Thank you tho overleaf if you want to see or compare the differences to Aragonite here is what they "Claim" it does CaribSea:
Eco-Complete African Cichlid Sand


----------



## overleaf (Feb 1, 2009)

Al-Losaurus said:


> Thank you very useful info i will keep in mind. The stuff still has not arrived and i havnt found any info on weather i should remove the fish from the tank before adding it or not so im contemplating either adding a few cups at a time or to go buy another small tank and take them out for a few days.


Based of the link you don't have to remove the fish. The sand is ready to use when you open the bag.

As for adding aragonite... If you were to add aragonite from the bag your tank would get extremely cloudy. The handling of the bag during shipping/stocking/etc causes some of it to become powder. Despite gunking up your filters and the tank being opaque this shouldn't hard the fish.

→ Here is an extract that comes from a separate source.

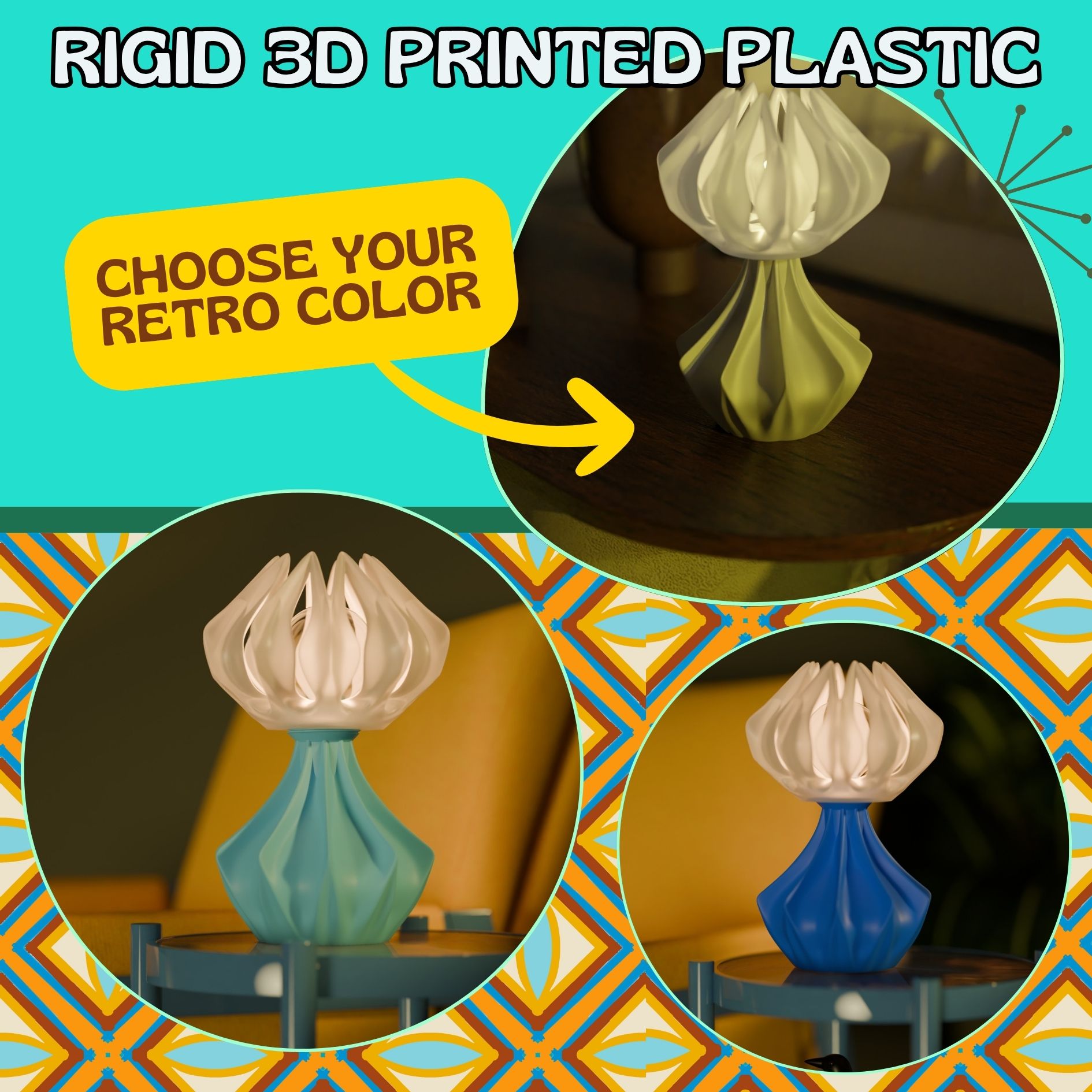 The Floraxa Lamp is a tribute to mid-century modern design, but reimagined with a whimsical, space-age twist. It’s part retro rocketship, part alien flower—perfect for lovers of atomic-era design, vintage-inspired interiors, and modern home decor.

I 'wash' aragonite like I wash sand. Even still it's not perfect but at least you can see in the tank


----------



## Al-Losaurus (Jul 21, 2009)

Thank you for replying again. That is good to hear i am still just going to add bits at a time through out a day or 2 rather then one big dump. i was basically going to go with Aragonite get a black kind and mix it with a little crushed coral for the black/white look but that sand was just the perfect look. also to top up ph a bit but guess il see how that works out. it should be here any day so il post if it makes my water go cloudy or not i read a few reviews and it was 50/50 people saying it did but only lasted 48 hrs or so.


----------



## Al-Losaurus (Jul 21, 2009)

Ok so i added the eco sand and i must say i am impressed other then a little clouding wich is going down by the hour but i am sure is natural cause it is sand. All fish survived i put it in 2 cups at a time till all was in. As the water cleared the color of the black calvus darkened dramatically. Hours later i checked the ph level and it was 8.1 i had no idea it would work so fast. So my questions were answered the fish will survive adding it with them in there im going to wait a few days and do another water change to clear a little dust out of the sand and possibly add 1 small bag of regular black sand to darken it up just a little it was not quite as dark as advertised but still looks very great. 

One last thing on the plus side all the fish seem to be noticing the left over sinking pellets on the top of the sand and eating them rather then it slipping through the same colored gravel and rotting away in the water. So far was well worth the change.


----------